Okay. This one is a bit naughty. A bit of a what if … I apologize to any of my religious friends for this one…
They announce a pandemic. They issue the order to isolate, then quarantine. I laugh. Not because I don’t believe, but because I’m alone. I’ve been here, on my own, forever. Maybe a little less than forever, but near as makes no difference.
I used to believe they would come. But no-one can hear me. I miscalculated. My trajectory was off by one millionth of one millimeter. Instead of landing in the promised land, I landed here. The howl around me is continuous, buffeting my ship.
The chill took some getting used to. I tried letting myself freeze for a while out of boredom. I can’t die. I can give the appearance of death. But my body regenerates at a tremendous rate, even in this frozen waste.
I tried walking out once, twice, but the magnetic pole played havoc with my internal navigation senses, and I ended back where I started both times. The ship is wrecked. I couldn’t restart it. I failed my mission. I was supposed to return after 100 years … but still at 1000 I hadn’t found my way back, and now I’m too ashamed to attempt again. Maybe if this virus pans out, I might get my chance. There has to be some kind of cataclysm for my style of PR to work out after all. We are way off schedule here. By almost 2000 years. They should have been out in the galaxy by now, instead of isolated.

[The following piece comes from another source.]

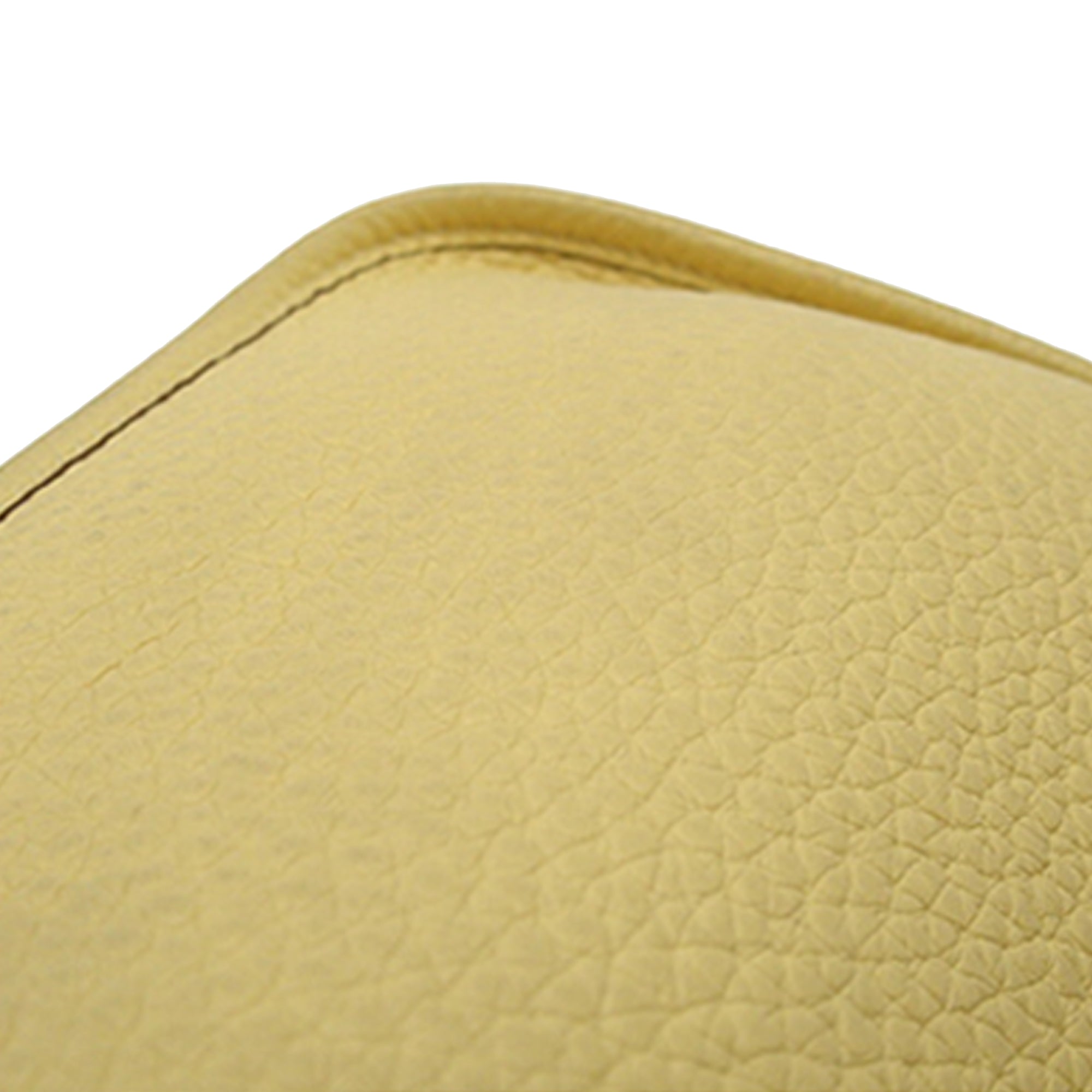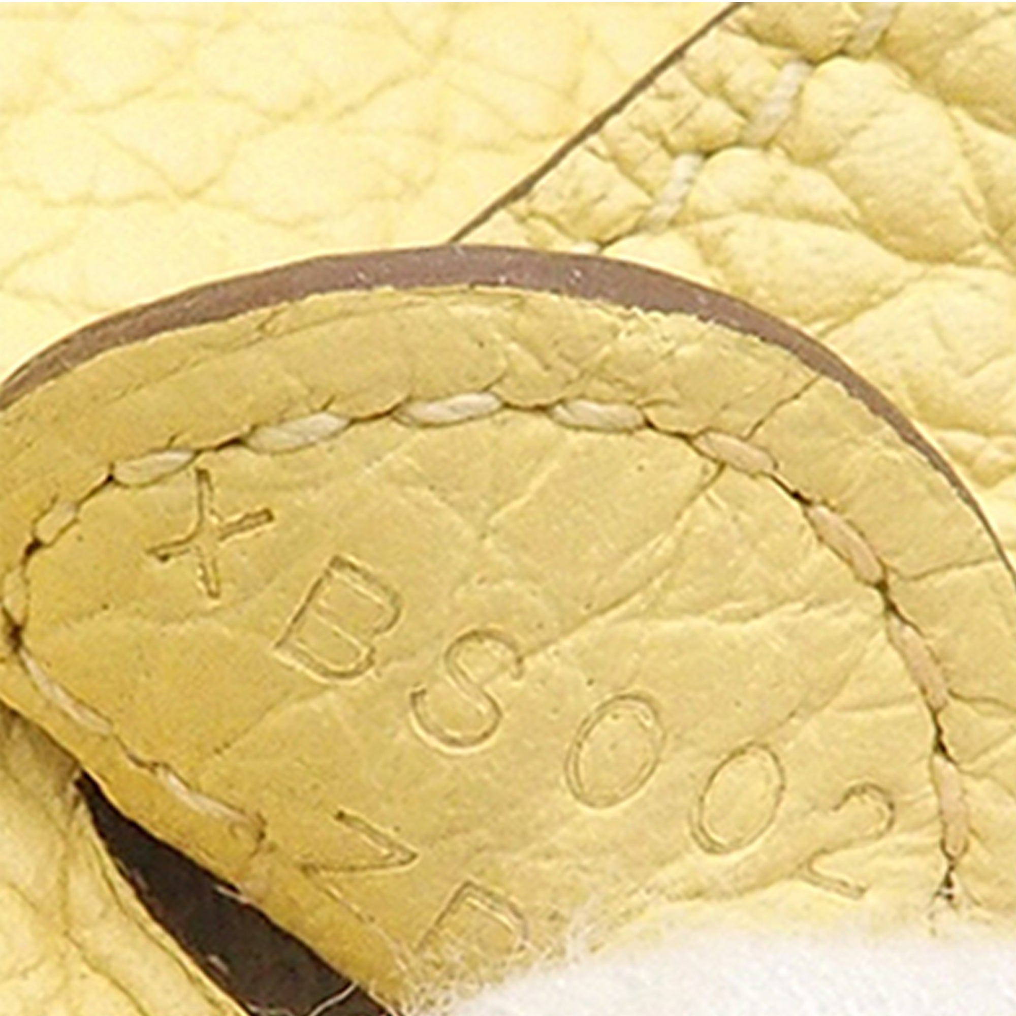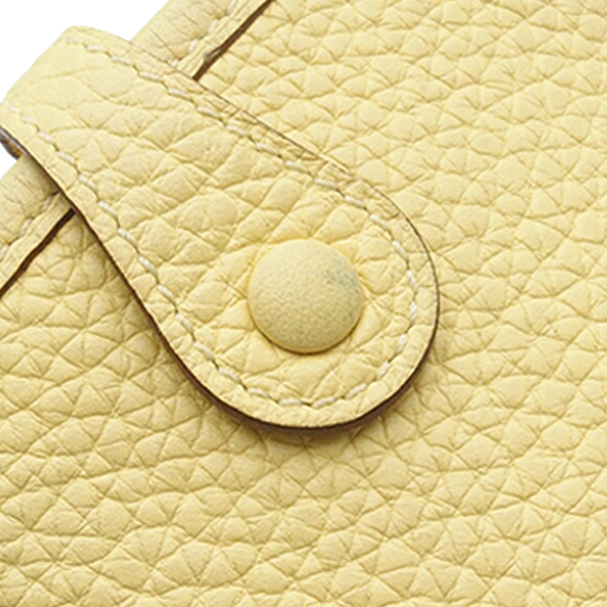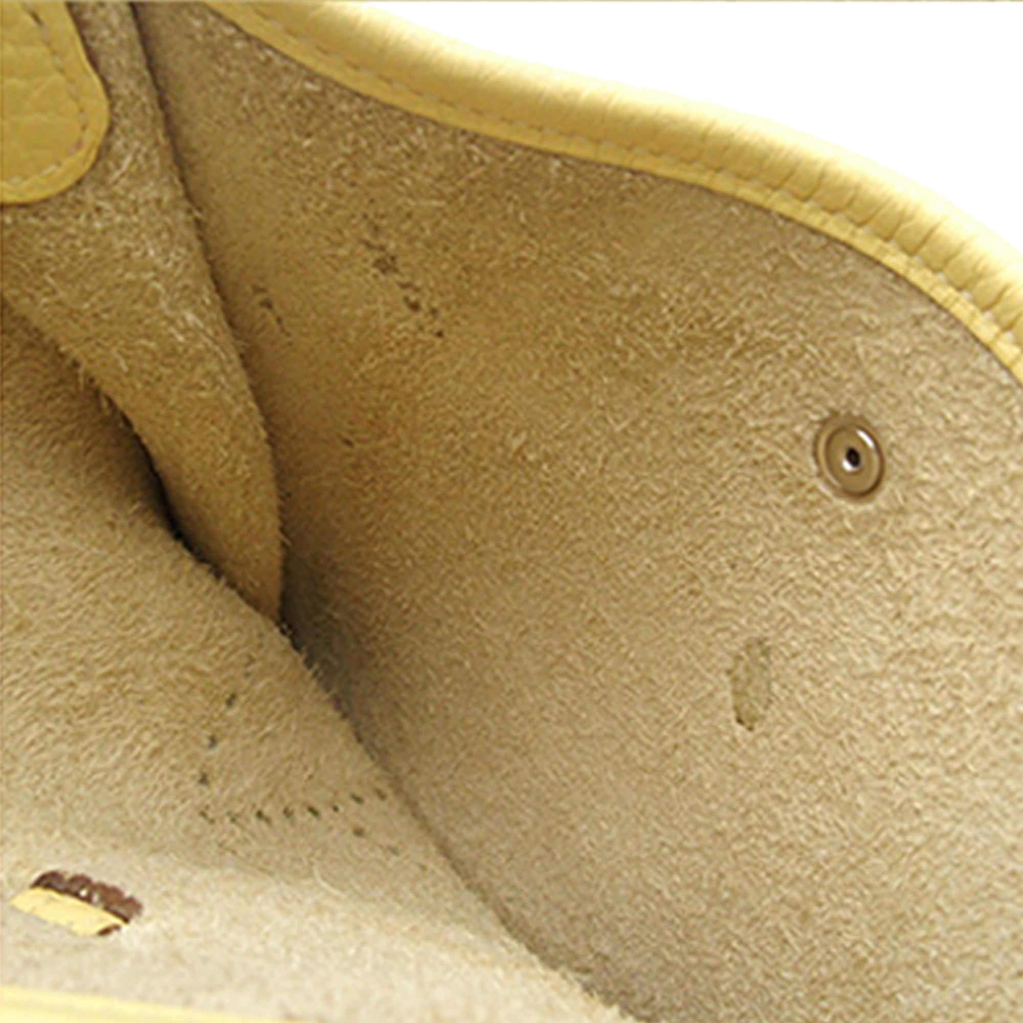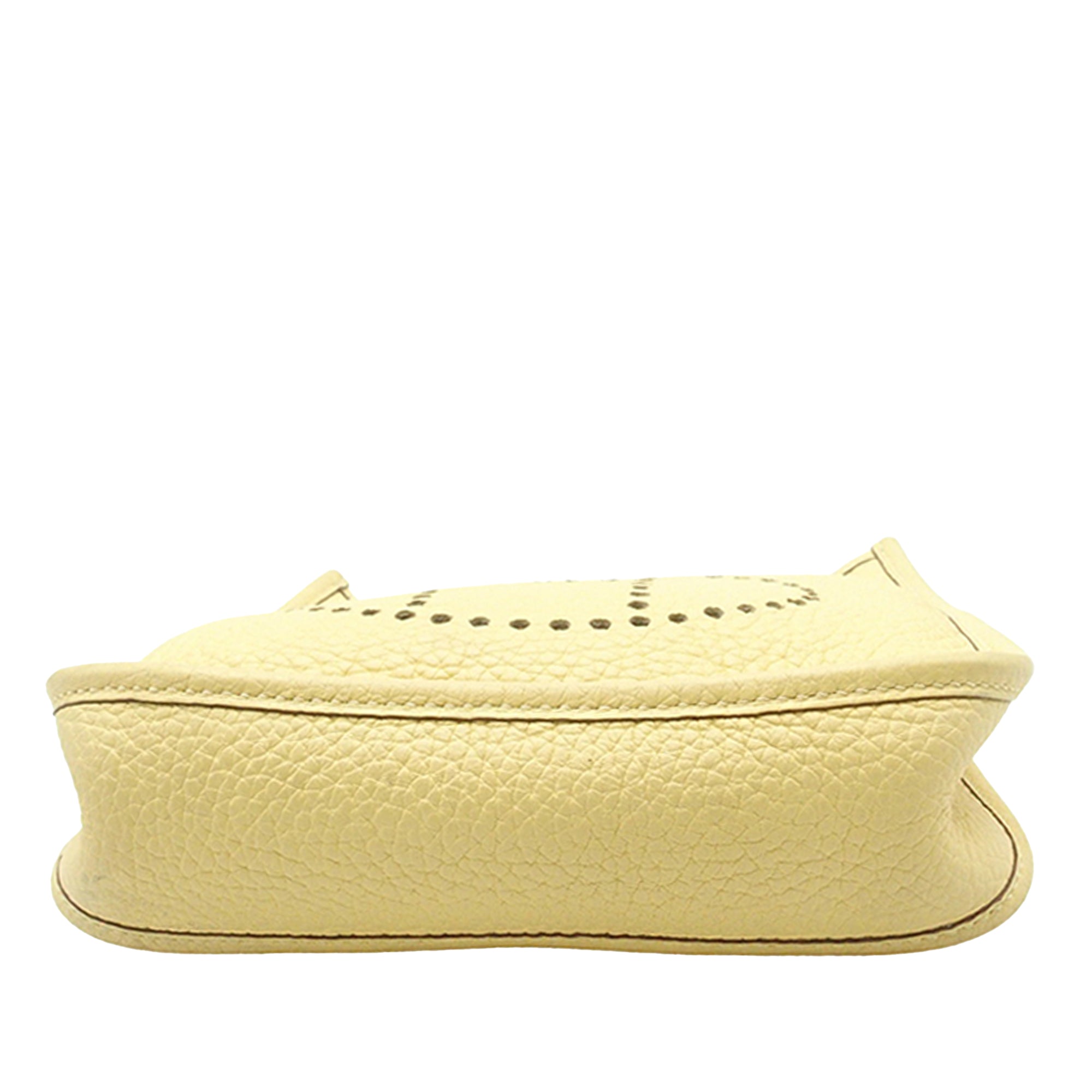 This Evelyne TPM features a Clemence leather body in Jaune Poussin color, a detachable flat strap, and an open top with a strap and snap button closure. Retail Price: 5000.00

In fact I bet the others are thinking of striking them off the list of eligibles now they have nuclear warheads, but I still think there is hope for them. If this virus runs its course, if they get sick enough of introspection and social media, and go back to exploring, I can do my thing. Wander out of the frozen wilderness and proclaim the company message. I’m glad they got part of the way by themselves. I mean, my first visit here, they were still enslaving massive portions of the population. That’s always a hard habit to break, so I’m pretty impressed that they managed that one on their own. Unification of religion didn’t work out too well though. I really thought I had that one sold, but looks like it’s even more fragmented than ever. I will have to think about whether to go down the miracle route, or whether to just ‘fess up and give them the heavy hand of intergalactic law speech.
By the way the H is for Harold, but how did they know I had a middle name?